It’s no secret that I’m a history freak. And I absolutely adore Berlin because of its unbelievably diverse and difficult history. Almost every spot in this city smells of the old times; every time I go there I find something new, something I hadn’t seen before. My recent trip there wasn’t an exception.
More than 20 years after the fall of the Berlin Wall, there are many spots where the wall is still there. Mostly, it’s re-erected for memorial purposes. There are at least three spots in central Berlin (or in the immediate vicinity) where one can experience how it was for the people of Berlin to look at a huge concrete border that kept them away from the other side. And it was tragic for both sides—while people in the West yearned to see their loved ones who had remained in the East, the people in the East also yearned for freedom and democracy that was just a few yards away, but still out of reach. And most of the East Berliners who dared to make a run for the freedom were brutally murdered by the communist apparatus that governed the Eastern side of the Iron Curtain.
Here are a few photos of the Berlin Wall today. Most of it has been re-erected, but some of it has actually remained since the fall of the Wall as a sad, but an important reminder of the crimes of the red plague.
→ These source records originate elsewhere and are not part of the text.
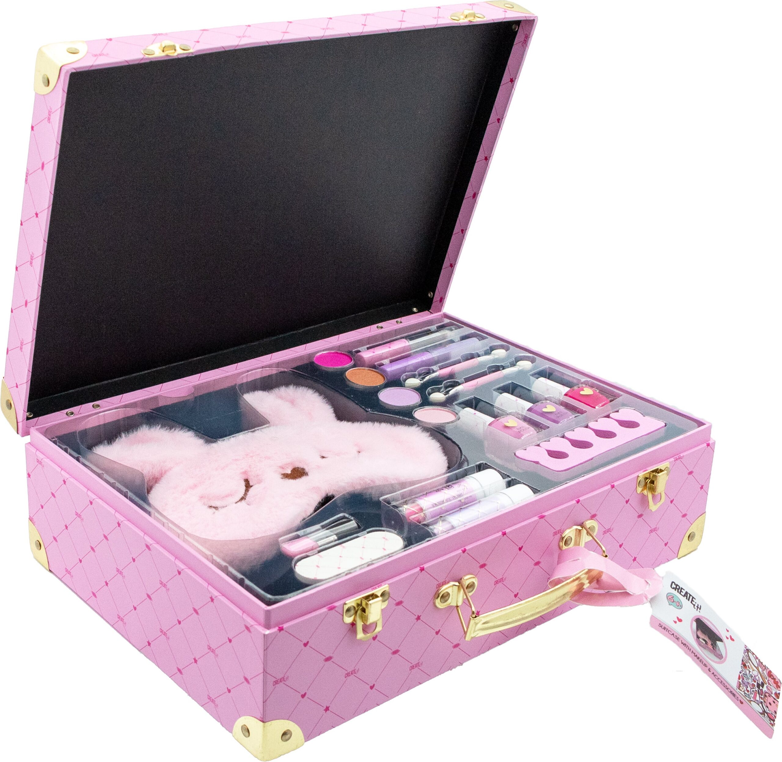Portfell sisaldab lauvärvi, huulepulka ja läiget, pintsleid, küünelakki, küüneviili, pehmet unemaski jne. Üle 15 osa.
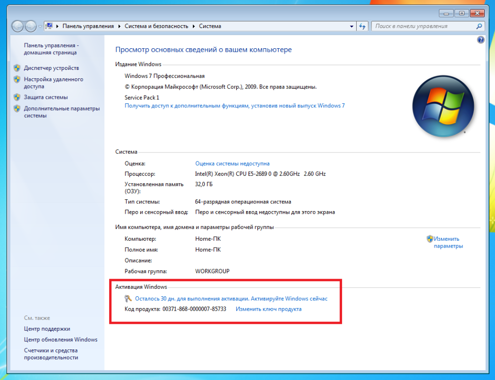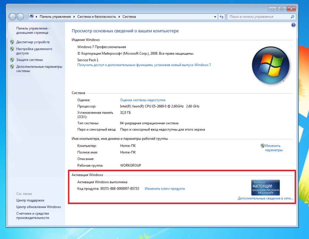 - Теперь если заново открыть свойства системы, Windows окажется активированной: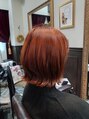 カットはせっかく伸びていってるので、伸ばすという事で、カラーは完全にお任せしていつもしない様な、ガラッと雰囲気変えたいと、私の思うお客様のイメージをガラリと変える雰囲気のお色でブレンド。褪色したオレンジとは違った作ったオレンジも良いです◎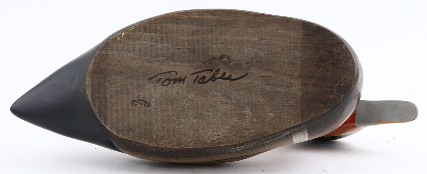 Greenwing Teal Drake by Tom Taber, GE, solid wood, original stain, structurally excellent. Grade: Excellent ++ - Value: 20 to 60

Checkpoint C ('Charlie' according to the military phonetic alphabet), probably the most famous border crossing point in Berlin. Located at the corner of Friedrichstraße and Zimmerstraße. Was open for diplomatic and military personnel only.

The Wall at Bernauer Straße, north of the centre. One of the longest chunks of the wall and a site of a new memorial.
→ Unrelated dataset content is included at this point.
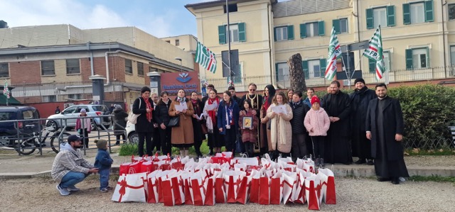 Cu binecuvântarea Preasfințitului Părinte Episcop Siluan al Episcopiei Ortodoxe Române a Italiei, un grup de colindători format din membrii Asociației San Lorenzo dei Romeni, alături de tinerii Nepsis sub conducerea Preacucernicului Părinte Vicar și totodată Președintele Asociației, Gheorghe Militaru de la parohia Ostia, Roma (V) împreună cu Preacucernicii Părinți și doamnele preotese din parohiile Tivoli, Valmontone, Montefiascone, Roma Pantano - Monte Compatri, Roma Prenestina însoțiți și de câțiva credincioși au adus vestea Nașterii Domnului nostru Iisus Hristos la copiii și părinții de la spitalul de pediatrie Bambino Gesù, precum și la cei aflați în centrele de primire (case di accoglienza) Peter Pan, Ronald McDonald și Casa Amica. La final, colindătorii au dăruit copiilor 130 de pachete cadou.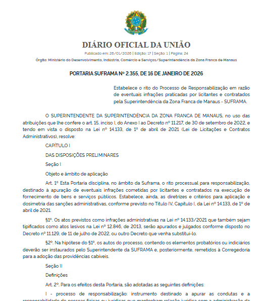 A Superintendência da Zona Franca de Manaus (SUFRAMA) publicou no Diário Oficial da União desta segunda-feira (26/1) a Portaria nº 2.355/2026, que estabelece o rito do Processo de Responsabilização para apuração de eventuais infrações cometidas por licitantes e contratados da autarquia. A norma regulamenta procedimentos previstos na Lei nº 14.133/2021, a nova Lei de Licitações e Contratos Administrativos.

The Bernauer Straße memorial is probably the only place in Berlin today where the actual 'Inner Wall' is still remaining. The Inner Wall was built a few hundred feet to the eastern side, to create a buffer zone between the actual Wall and the Inner Wall. Inside the buffer zone, Soviet and East German guards patrolled and shot everyone on site who had the nerve to try to escape to the West.
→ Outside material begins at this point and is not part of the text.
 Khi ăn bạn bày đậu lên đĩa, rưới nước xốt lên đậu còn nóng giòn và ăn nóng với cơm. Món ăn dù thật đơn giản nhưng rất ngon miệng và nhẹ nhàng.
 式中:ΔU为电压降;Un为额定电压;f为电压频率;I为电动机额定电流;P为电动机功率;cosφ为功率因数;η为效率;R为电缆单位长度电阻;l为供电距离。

The Wall Memorial at Bernauer Straße. Only the first stage of the memorial is finished, and work continues to build the entire memorial that will run along the buffer zone for about half a mile.

This is definitely the longest remaining strip of the Berlin Wall. Called the 'East Side Gallery', this almost a mile long stretch of the Wall runs on Mühlenstraße between the eastern neighbourhood of Friedrichschein and the western neighbourhood of Kreuzberg. This is the view from East Berlin.